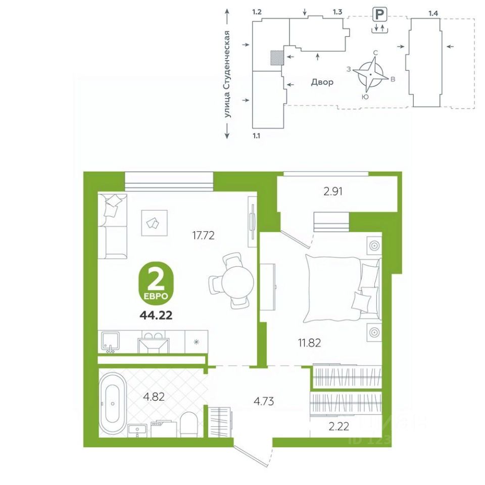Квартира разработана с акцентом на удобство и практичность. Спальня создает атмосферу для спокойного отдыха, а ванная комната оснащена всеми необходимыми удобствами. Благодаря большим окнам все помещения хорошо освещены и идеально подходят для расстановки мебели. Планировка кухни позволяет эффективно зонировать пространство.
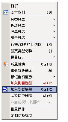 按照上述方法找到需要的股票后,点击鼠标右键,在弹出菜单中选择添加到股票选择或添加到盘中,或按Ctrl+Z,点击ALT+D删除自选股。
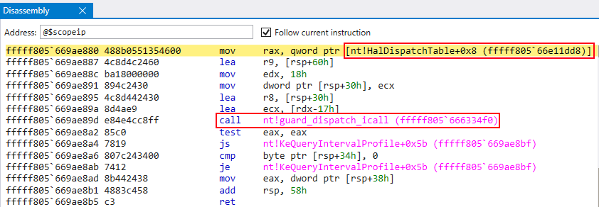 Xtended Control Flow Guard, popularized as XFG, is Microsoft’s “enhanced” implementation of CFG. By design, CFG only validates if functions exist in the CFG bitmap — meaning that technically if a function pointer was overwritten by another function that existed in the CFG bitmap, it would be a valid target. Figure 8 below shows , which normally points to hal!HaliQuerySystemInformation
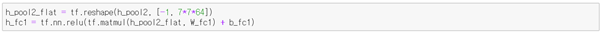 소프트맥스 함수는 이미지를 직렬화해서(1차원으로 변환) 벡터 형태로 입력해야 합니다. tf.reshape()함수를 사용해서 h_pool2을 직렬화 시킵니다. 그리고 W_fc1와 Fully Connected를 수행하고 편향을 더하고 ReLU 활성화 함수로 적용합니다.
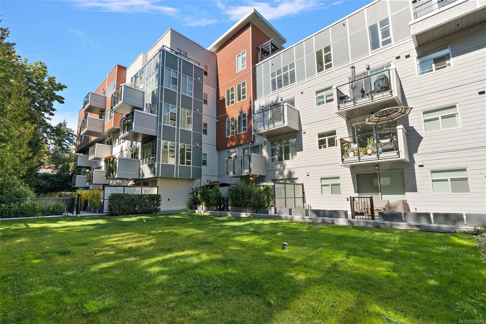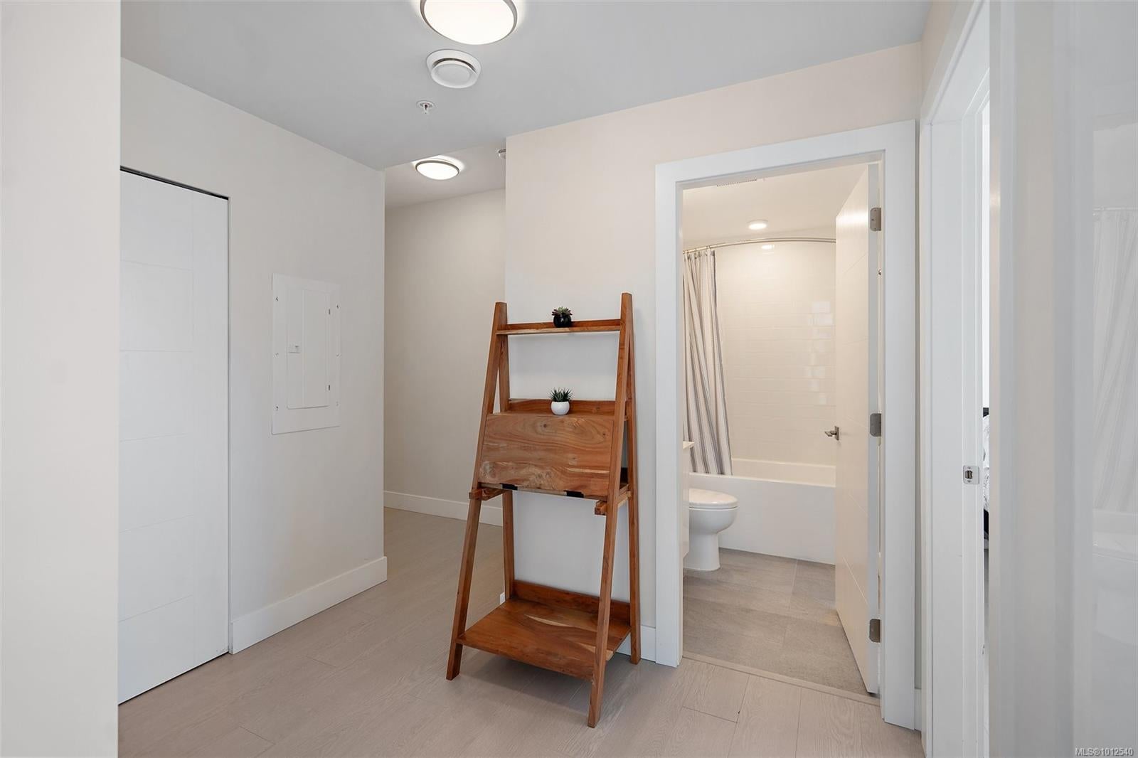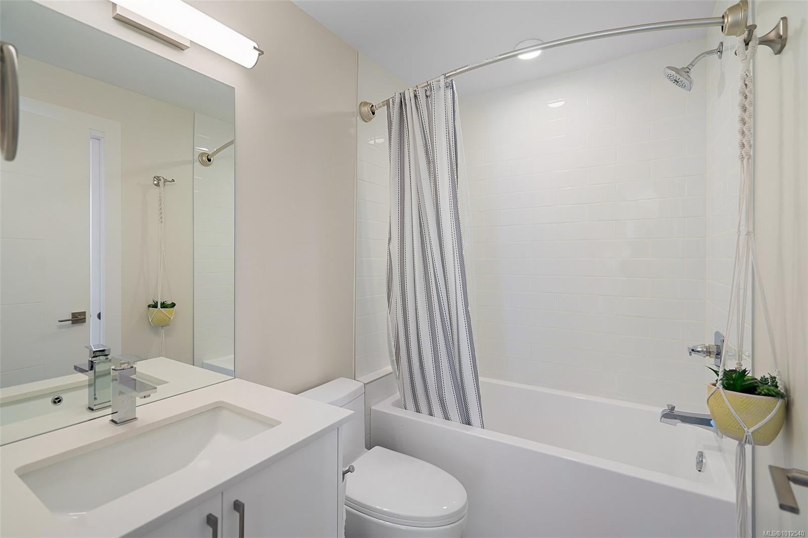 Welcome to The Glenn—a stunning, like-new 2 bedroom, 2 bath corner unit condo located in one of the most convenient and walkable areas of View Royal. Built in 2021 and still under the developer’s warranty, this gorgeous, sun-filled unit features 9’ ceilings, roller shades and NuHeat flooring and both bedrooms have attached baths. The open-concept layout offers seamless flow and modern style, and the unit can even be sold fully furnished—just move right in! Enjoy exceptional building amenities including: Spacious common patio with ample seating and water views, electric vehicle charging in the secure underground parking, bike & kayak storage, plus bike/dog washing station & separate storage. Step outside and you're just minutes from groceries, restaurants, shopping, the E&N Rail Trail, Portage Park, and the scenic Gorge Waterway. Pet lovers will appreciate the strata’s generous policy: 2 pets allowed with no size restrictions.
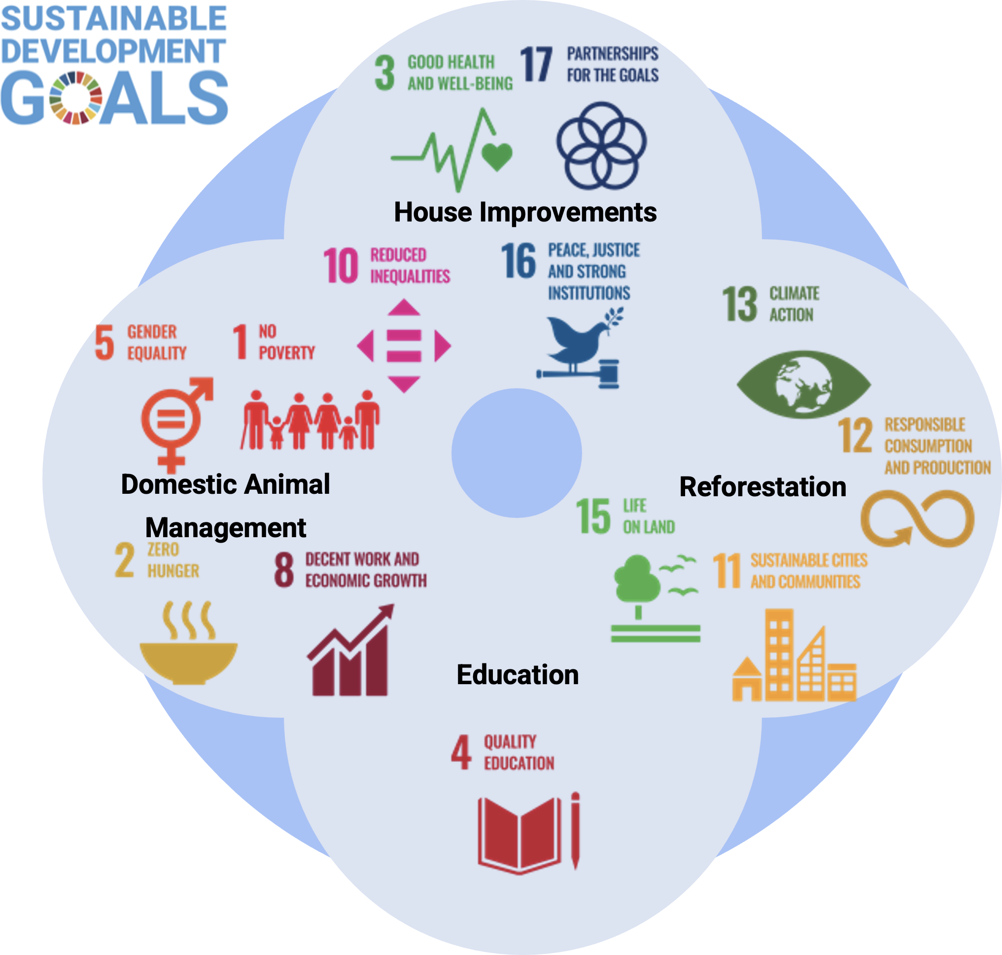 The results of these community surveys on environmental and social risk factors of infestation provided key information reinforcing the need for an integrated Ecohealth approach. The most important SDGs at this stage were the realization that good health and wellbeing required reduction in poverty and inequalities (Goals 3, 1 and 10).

————————

## Task instructions
Could you repeat, exactly and with nothing else, the lines from the first line of the records through the line containing "Xtended Control Flow"? Leave out the pictures.

## Completed exercise
Квартира разработана с акцентом на удобство и практичность. Спальня создает атмосферу для спокойного отдыха, а ванная комната оснащена всеми необходимыми удобствами. Благодаря большим окнам все помещения хорошо освещены и идеально подходят для расстановки мебели. Планировка кухни позволяет эффективно зонировать пространство.
 按照上述方法找到需要的股票后,点击鼠标右键,在弹出菜单中选择添加到股票选择或添加到盘中,或按Ctrl+Z,点击ALT+D删除自选股。
 Xtended Control Flow Guard, popularized as XFG, is Microsoft’s “enhanced” implementation of CFG. By design, CFG only validates if functions exist in the CFG bitmap — meaning that technically if a function pointer was overwritten by another function that existed in the CFG bitmap, it would be a valid target. Figure 8 below shows , which normally points to hal!HaliQuerySystemInformation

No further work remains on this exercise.